Privia stock was flat this week while the core business seems to be performing well. Privia expects to come in toward the high end of estimates across all metrics for the year. Privia is in a strong financial position with almost $400 million of cash, generating positive cash flow, and no debt. This prompted a number of analyst questions about how Privia intends to reinvest this capital. It sounds like we should expect to see them pursue M&A opportunities that are accretive to free cash flow.
Other Key Headlines
Walgreens issued an 8-K noting that VillageMD has defaulted on its $2.25 billion in loans that Walgreens issued to VillageMD as part of VillageMD’s acquisition of Summit / CityMD in early 2023. Walgreens has agreed not to exercise its rights to remedy the situation so long as VillageMD complies with Walgreens evaluation of strategic options, which “could include a sale of all or part of the VillageMD businesses, possible restructuring options and other strategic opportunities." This news comes after Walgreens shared a few months ago that it intended to reduce its stake in VillageMD to a non-controlling position. There has to be a private equity buyer that will emerge for at least part, if not all, of this asset, right? I’ll be curious to watch and see if Summit and/or CityMD get spun off separately from the VillageMD business.
Tenet is selling its 70% stake in a JV that owns five Alabama hospitals to Orlando Health for $910 million. As part of the transaction, Tenet’s Conifer Health Solutions is entering into a ten year contract with the JV to provide RCM services to the JV moving forward.

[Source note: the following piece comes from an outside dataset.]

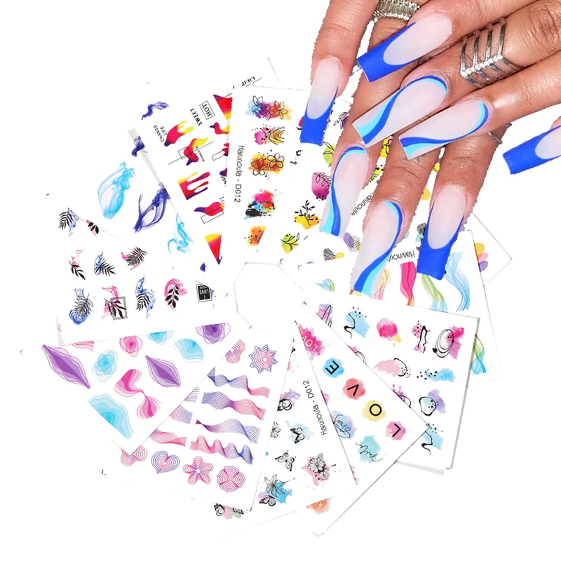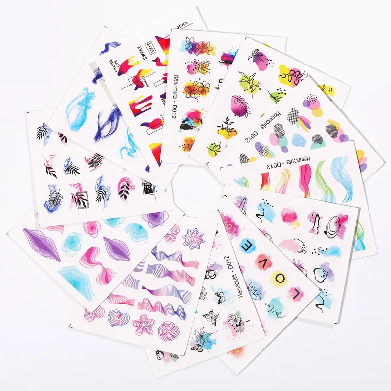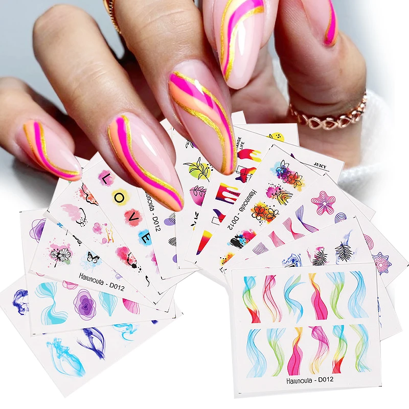 12 шт., переводные наклейки для ногтей с геометрическими линиями

The Financial Times reported that Roche Health has hired bankers to consider divesting Flatiron Health after acquiring it for $1.9 billion back in 2018. The report notes that Flatiron revenue has been hampered because other drugmakers don’t want to work with Flatiron since it’s owned by Roche.

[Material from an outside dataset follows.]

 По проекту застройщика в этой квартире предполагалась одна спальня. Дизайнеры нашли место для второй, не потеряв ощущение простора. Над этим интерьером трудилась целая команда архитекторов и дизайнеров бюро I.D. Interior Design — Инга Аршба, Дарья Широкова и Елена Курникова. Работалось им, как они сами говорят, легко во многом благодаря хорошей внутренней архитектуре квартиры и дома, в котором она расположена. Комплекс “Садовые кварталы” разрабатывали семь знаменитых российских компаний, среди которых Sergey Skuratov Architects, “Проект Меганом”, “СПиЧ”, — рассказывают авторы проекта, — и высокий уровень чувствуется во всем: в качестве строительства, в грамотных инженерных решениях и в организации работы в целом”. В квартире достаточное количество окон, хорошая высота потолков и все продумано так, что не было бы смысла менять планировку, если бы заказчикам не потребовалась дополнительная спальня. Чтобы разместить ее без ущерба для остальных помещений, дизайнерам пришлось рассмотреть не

A Kaufman Hall report highlighted the widening gap in financial performance among hospitals. While the overall operating margin is holding steady at 4.1%, the best-performing systems are doing better, and the worst are doing worse. This is chalked up to a few key trends — throughput management, investment in outpatient services, and contract labor utilization.

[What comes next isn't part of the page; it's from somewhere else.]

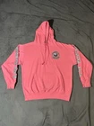 Rev up your style with this Hollister Motorcycle Week 2017 Hoodie. Featuring a pink graphic print with a scull character accent, this unisex hoodie is perfect for biker enthusiasts. The drawstring closure and hooded design add to its functionality, while the polyester and cotton material ensure comfort. The fleece fabric type and logo accents make this hoodie a great addition to your activewear collection. Whether you're hitting the road on your motorcycle or just hanging out with friends, this Esy Surf Co. brand hoodie is sure to turn heads. Available in size M, this pullover hoodie is suitable for both men and women.

The North Carolina state treasurer shared this week that the NC State Health Plan will be insolvent by 2026 based on the current trajectory of the plan.
UnitedHealthcare has sued the state of Minnesota over a recently passed law banning for-profit insurers from the state’s Medicaid program.
Health Catalyst acquired Lumeon, a care management automation platform. Lumeon has operations in the UK which will help Health Catalyst expand internationally.
Funding Announcements
Guidehealth, a platform that supports health systems adopt value-based care leveraging their clinically integrated networks, raised $14 million. Memorial Hermann led the funding round. Guidehealth has expanded to four states since it launched last year. It acquired Arcadia’s MSO in December 2023 and will use the funding to improve that platform.